In this exercise, you’ll re-create this dotplot as a density plot and count the number of permuted differences that were to the left of the observed difference.
# Redefinie homeown_perm
homeown_perm <-
homeown_perm %>%
rename(diff_perm = stat) %>%
mutate(diff_orig = -0.00783)
# Plot permuted differences, diff_perm
ggplot(homeown_perm, aes(x = diff_perm)) +
# Add a density layer
geom_density() +
# Add a vline layer with intercept diff_orig
geom_vline(aes(xintercept = diff_orig), color = "red")

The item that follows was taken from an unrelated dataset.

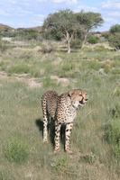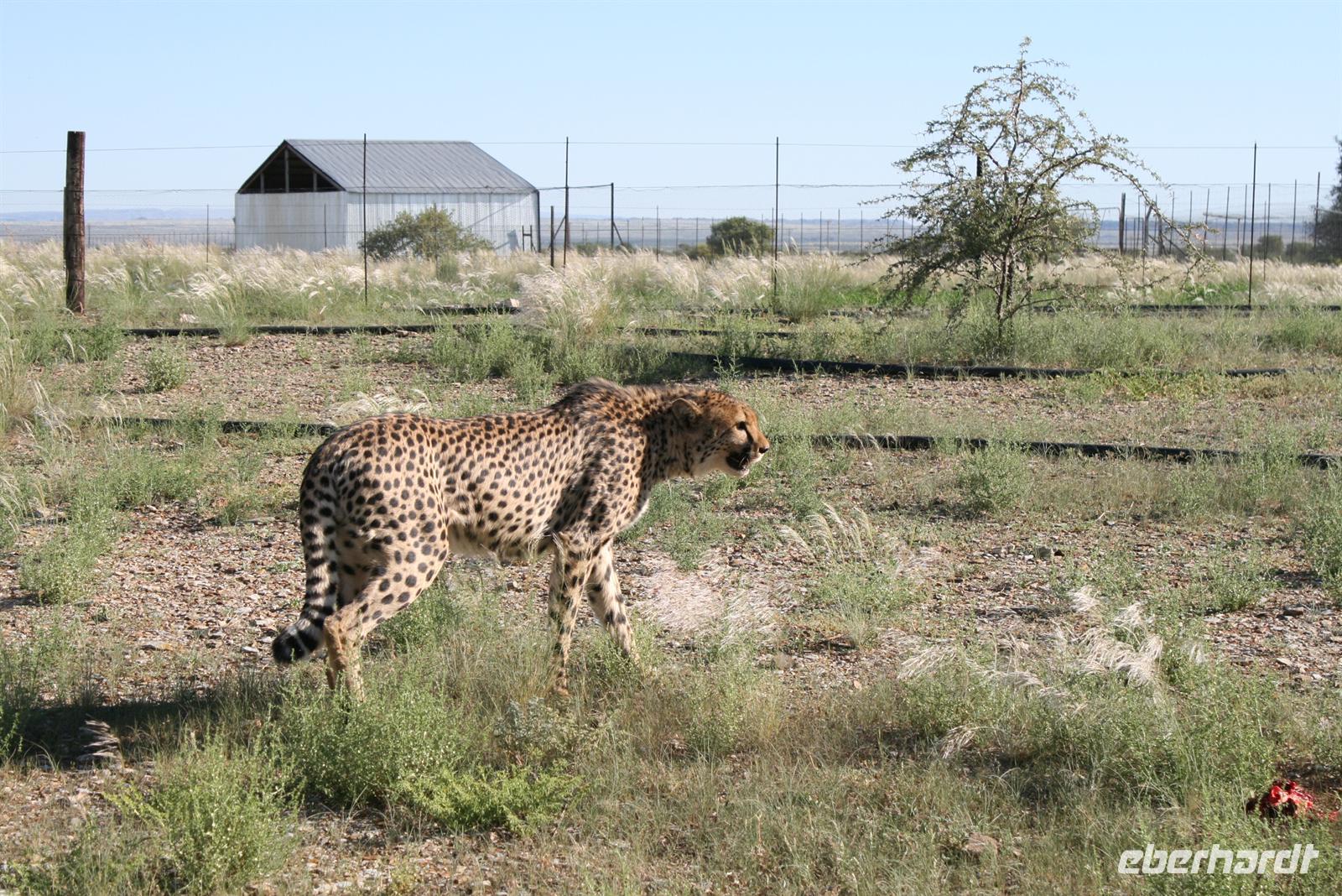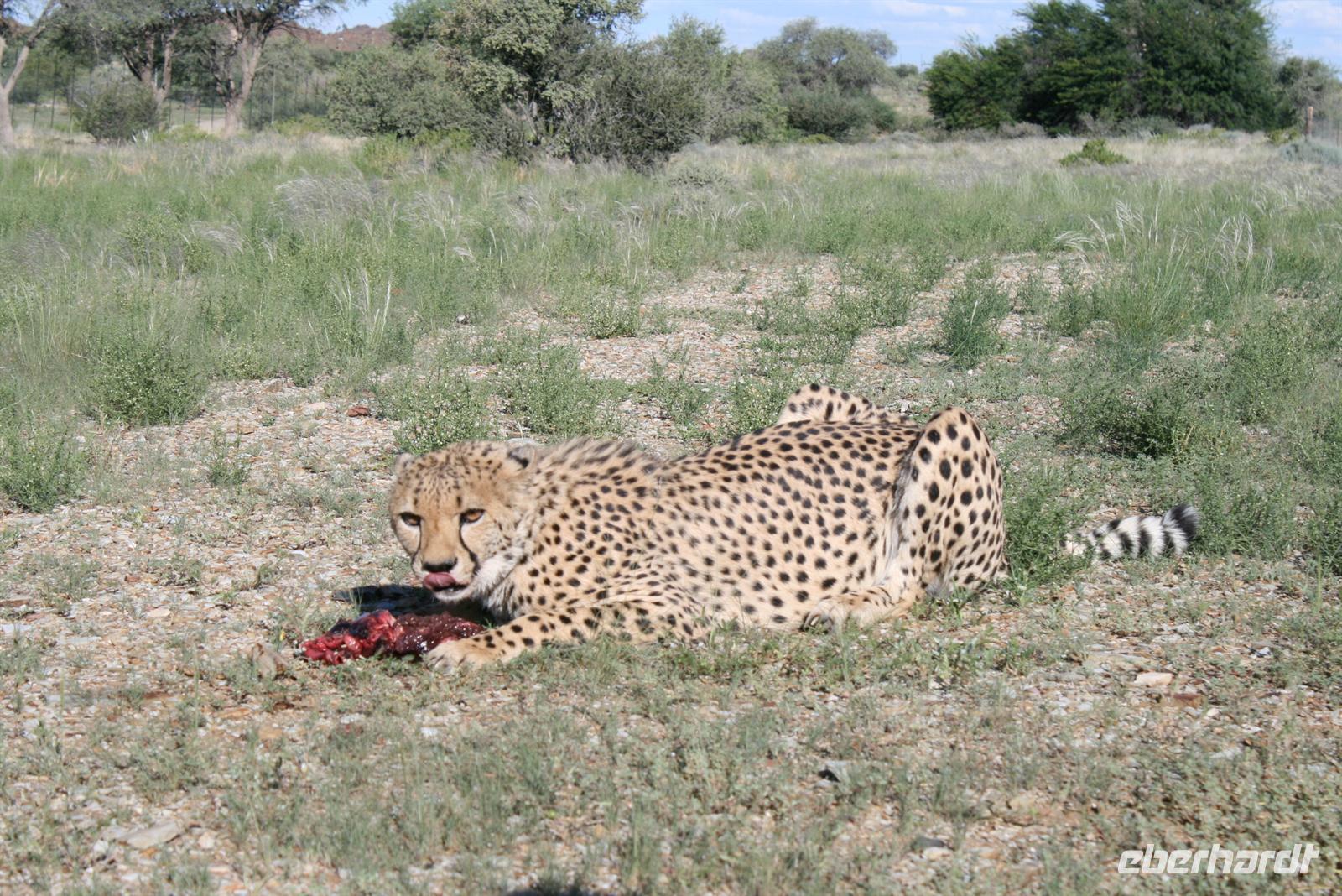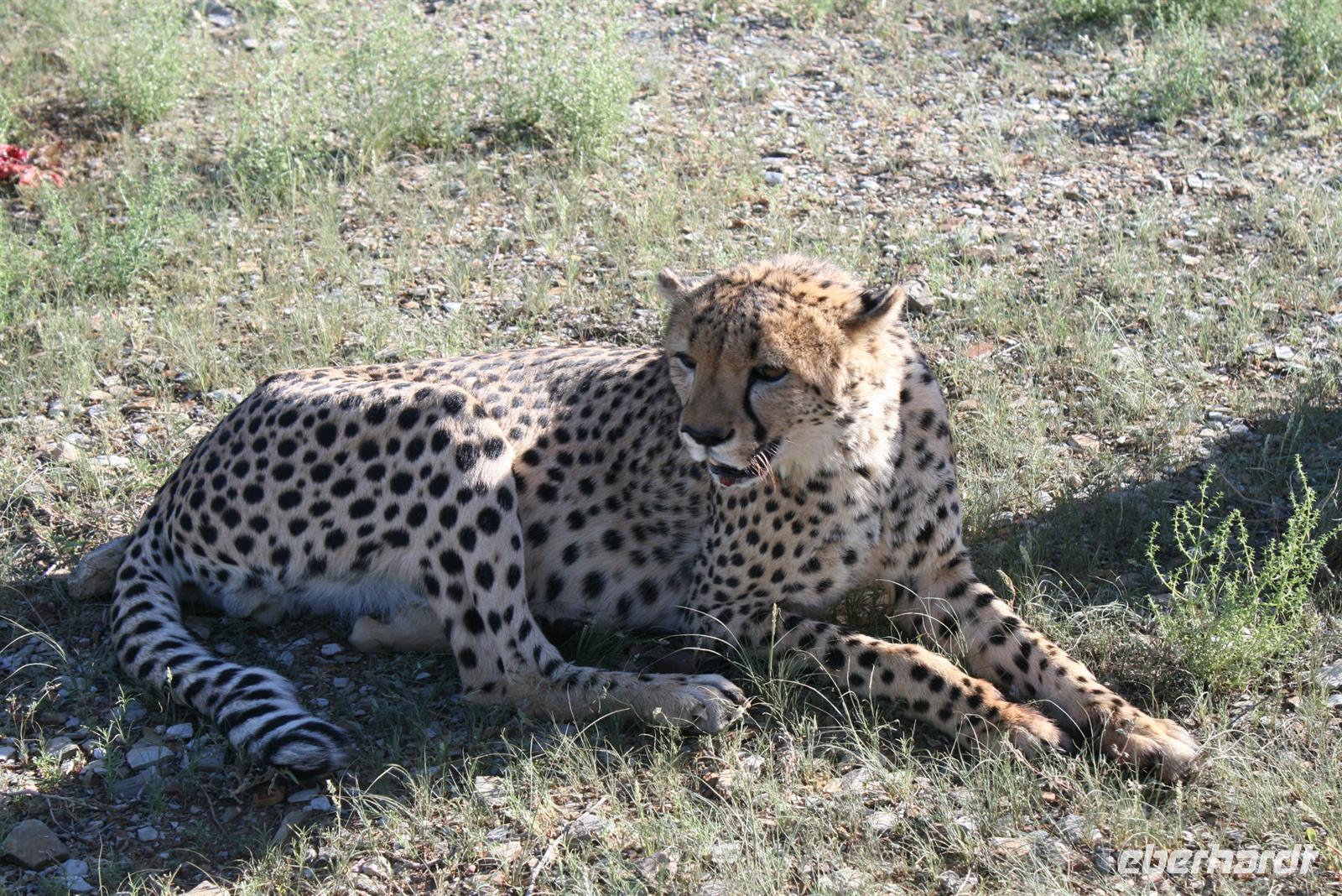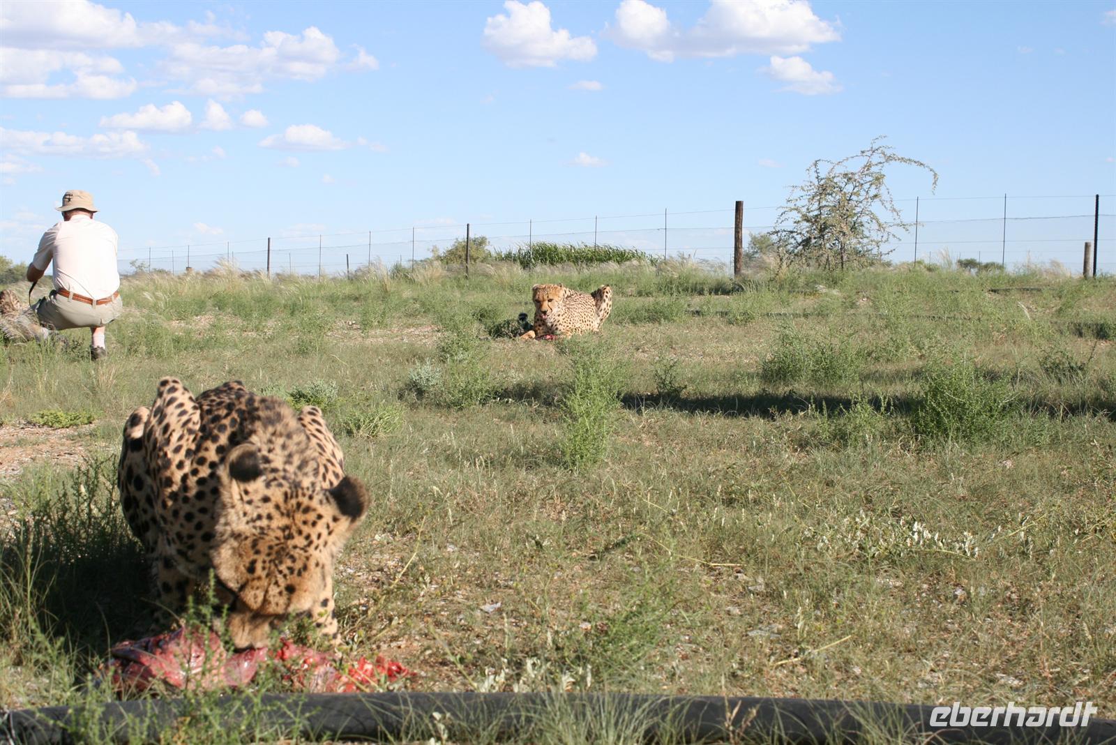 Von unserer gemütlichen Lodge fuhren wir weiter in Richtung Süden. Kilometerweit durch die Savanne mit Kameldornakazien, Gräsern und Sträuchern - also durch die Kalahari. Jetzt meint man die Kalahari, das zweitgrößte Trockengebiet Namibias, die große Sandwüste - was hat das mit grünen Gräsern und Akazien zu tun. In den letzten Jahren ist hier viel Regen gefallen, der die karge Landschaft ergrünen lies. Nur die Kilometerlangen rostroten Sanddünen über die wir fahren erinnern an eine Wüste. Es müssen an die 30 Stück gewesen sein über die wir gefahren sind, quasi eine natürliche Achterbahn in der Kalahari. Gegen Mittag erreichten wir Keetmanshoop, das ehemalige Missionsdorf des Deutschen Keetman, wo wir in der Central Lodge unsere Zimmer bezogen. Gleich nachdem wir eingecheckt hatten spazierten wir durch die Straßen des kleinen Ortes, wo auch heute noch das „Kaiserliche Postamt" zu finden ist. Am Nachmittag fuhren wir auf den Spielplatz - auf den „Spielplatz der Giganten". Der enorme Temperaturunterschied zwischen Tag und Nacht sprengte die Felsen auf und formte so über Jahrtausende bizzare Formationen die aussehen, als ob hier jemand mit Bauklötzen gespielt hätte. Nach einem kurzen Spaziergang fuhren wir zur „Quivertree Lodge", eine kleine Farm am Rande des Köcherbaumwaldes. Glücklicherweise waren wir zur richtigen Zeit am richtigen Ort und durften bei der Fütterung der Raubtiere dabei sein. Das Motto „Mittendrin statt nur dabei" war hier Programm. Wir folgten der Besitzerin der Farm, die einen Eimer frische Innereien vor sich her trug, in das Gehege der Geparde. Doch kein Gepard in Sicht..."Quikita, Lala, Lulu (oder so ähnlich) Kommt, kommt" schrie die Besitzerin immer wieder - bis in der Ferne etwas angesaust kam. Drei Geparden sprinteten in unsere Richtung, um sich Frischfleisch (das aus dem Eimer - wir blieben verschont) zu hohlen. Eine ganze Weile konnten wir den Tieren hautnah beim fressen zusehen - ohne Gitter, live und in Farbe. Ein Erlebnis das wir nie vergessen werden. Nach dem großen Fressen spazierten wir einige Meter zu den Köcherbäumen. Die Aloe Art erstaunte mit seiner besonderen Art in den Himmel zu ragen. Leider dauerte es noch zu lange bis das Untergehen der Sonne den Bäumen ein besonderes Erscheinen verleiht. In der Lodge durften wir am Abend von der Karte wählen und uns mit Strauß, Springbock und Co. den Bauch voll schlagen. Die Gesangseinlage des Küchenpersonals zauberte, dann vorm Schlafen gehen noch allen ein Lächeln aufs Gesicht.

# Compare permuted differences to observed difference
homeown_perm %>%
summarize(sum(diff_perm <= diff_orig))
## # A tibble: 1 x 1
## `sum(diff_perm <= diff_orig)`
## <int>
## 1 212
Interpretation
In this chapter, you will gain the tools and knowledge to complete a full hypothesis test. That is, given a dataset, you will know whether or not is appropriate to reject the null hypothesis in favor of the research claim of interest.
Null hypothesis: gender and promotion are unrelated variables. Alternative hypothesis: : men are more likely to be promoted.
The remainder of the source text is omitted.